Hi everyone!
I have a question about the DEseq2 analysis. Can it be used to analyze a 3-way interaction?
In my experiment, we have 3 variables: Diet + Date + Time, that need to be analyze together.
Briefly, we had samples from subjects that had 2 different diets for a period of 21 days. After that period the samples were used to feed an in vitro fermentation system. We collected samples at several time points after fermentation: 0hr after fermentation, 5, 10, 24 and 48hrs. We want to know if there are changes on the microbiota structure counting the interaction of Diet + Date (0 day, 21 days) and Time (the 5 fermentation time points).
I have been trying to use DESeq2 to analyze this interaction but for some reason is not working. I am wondering if my model is too complicated for this type of analysis.
These are the steps I have been following:
Documents:
Metadata: metadata_RS_no_pool_DESeq2
Count data: Taxonomy_Count_Data_RS_transpose_no_pool_DESeq2_2
Commands:
coldata <- metadata_RS_no_pool_DESeq2
mat <- Taxonomy_Count_Data_RS_transpose_no_pool_DESeq2_2
dds <- DESeqDataSetFromMatrix(countData = as.matrix(mat), colData = DataFrame(coldata), design = formula(~Diet + Date + Time))
mm1<-model.matrix(~Diet + Date + Time + Diet:Date + Date:Time + Diet:Time + Diet:Date:Time + Diet:SubjectID, coldata) #Full model.
idx<-which(colSums(mm1==0)==nrow(mm1))
mm1<-mm1[,-idx]
mm0<-model.matrix(~Diet + Date + Time + Diet:Date + Date:Time + Diet:Time + Diet:SubjectID, coldata) #Reduced model.
idx<-which(colSums(mm0==0)==nrow(mm0))
mm0<-mm0[,-idx]
ddsOTU <- DESeq(dds, betaPrior=FALSE, full=mm1)
But this is what I get:
using supplied model matrix
estimating size factors
estimating dispersions
gene-wise dispersion estimates
Error in solve.default(qr.R(qrx)) : 'a' (1 x 0) must be square
I would appreciate any feedback on this issue.
Thanks in advance!
Ida
hi Ida,
I don't follow the difference between date and time. How many samples do you have at day 0? Is there a time series at day 0 or only at day 21? How many biological replicates do you have? Maybe it's easiest to just print the colData?
Hi Michael,
Thanks for the quick response. Here the information of the coldata. As it is a lot of information, I will divide the table in 2 posts:
The whole experiment is divided in two parts. The first part was done with volunteers randomized to one of the two diets (e.g MRE vs HAB, is the habitual diet).

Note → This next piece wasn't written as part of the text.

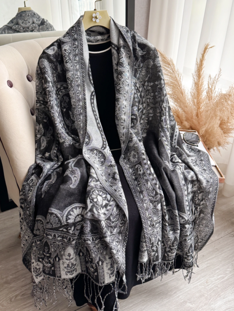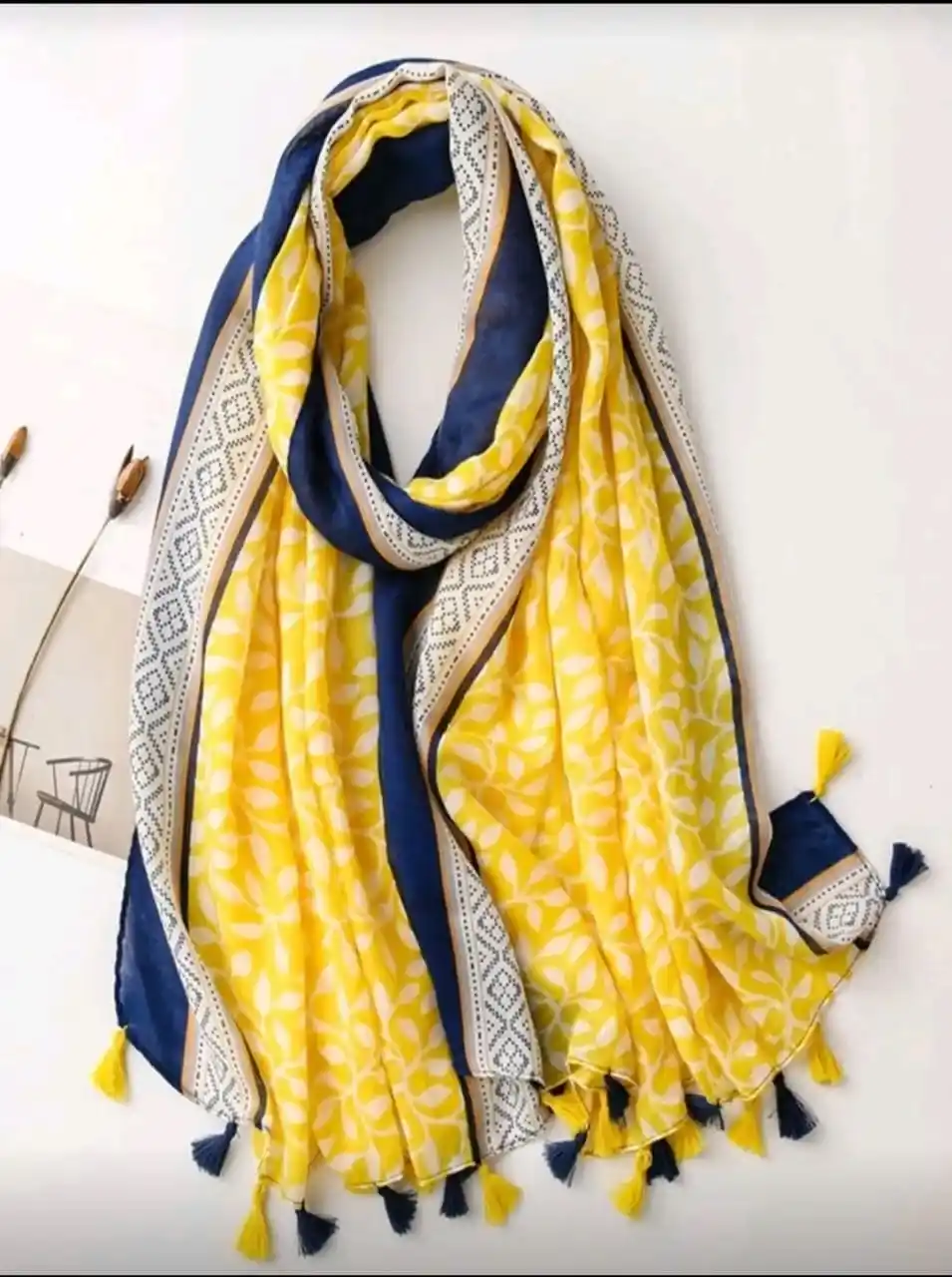 طرحة (وشاح) صفراء وزرقاء متباينة (Tassel Scarf): وشاح خفيف وحيوي، يجمع بين الأصفر الساطع والأزرق الداكن بنقوش بيضاء وتفاصيل هندسية تراثية، ومزود بشراشيب ملونة.

This part was for a period of 21 days. We had samples before starting with the diet consumption, defined as day 0, and samples after the consumption finished, defined as day 21. This is what I call "Date" in my metadata. To feed the in vitro fermentation system, we did a pool of volunteers for each diet, meaning from MRE diet we took five volunteer samples and we made a pool, and from HAB diet, 5 volunteer samples and made a pool. These are fecal samples.
We used that pool to feed the in vitro fermentation system (samples from MRE and HAB at day 0 and 21). "Time" in my metadata is referring to the 5 time points we collected samples during the fermentation [e.g. 0hr (inoculation), 5hr. 10hr, 24hr, and 48hr after fermentation]. At each time point we had 3 replicates defined by A,B,C,D.
At day 0 we have 30 samples and at day 21, 30 samples. As you can notice the design is pretty complicated. We have the effect of the diet during 21 days, and the effect of the fermentation hours.
Let me know if something is not that clear.
Thanks!
PS. Sorry for dividing it but the limit is 5000 characters.